HIV-infected patients are at increased risk of myocardial infarction and arterial inflammation has been suggested as a pathophysiological explanation. We compared the uptake of 18F-fluorodeoxyglucose (FDG) by PET in four arterial regions, and factors associated with FDG uptake in well-treated HIV-infected patients without cardiovascular disease (CVD) and healthy controls.

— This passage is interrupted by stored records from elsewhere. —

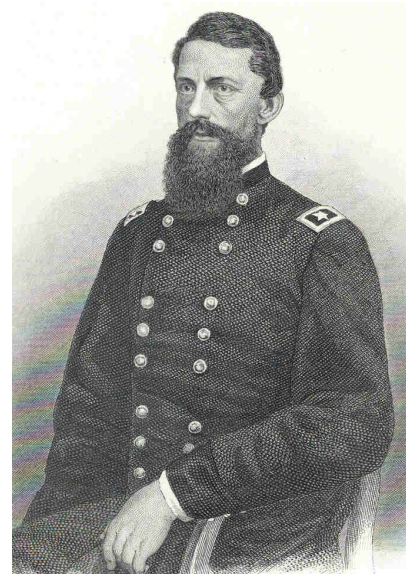
General George Stoneman Jr. Camp 18 Officers
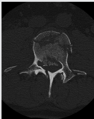
Fig. 2 Level III axial view.
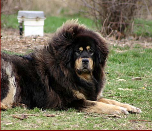
8 Year Old Tibetan Mastiff Female.

This primitive and ancient breed has been bred for thousands of years to focus on his working abilities which include guarding, alerting through barking, patrolling and basic territorial / dominant behavior.
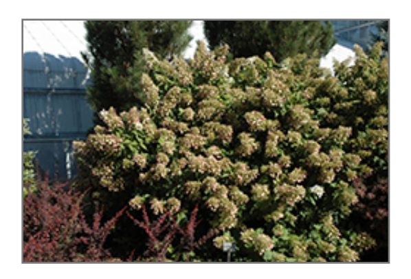
Burgundy Lace Hydrangea in bloom

We prospectively scanned 26 HIV-infected patients on stable antiretroviral therapy and 25 healthy volunteers with FDG PET/CT, measuring standardized uptake values (SUV) in the carotid arteries, the ascending, descending, and abdominal aorta. We performed correlation analyses between FDG uptake and intima-media thickness (IMT), and soluble biomarkers of inflammation. We found no difference in arterial FDG uptake between the HIV-infected patients and healthy controls quantified either as mean SUVmax or target-to background ratio in the carotid region, the ascending aorta, the descending aorta, or the abdominal aorta. Correlations between SUV, IMT, and soluble biomarkers were scarce in both groups.
In a group of optimally treated HIV-infected patients with full viral suppression, low Framingham risk score and no known CVD, we found no evidence of increased arterial inflammation as assessed by FDG PET/CT compared to healthy volunteers.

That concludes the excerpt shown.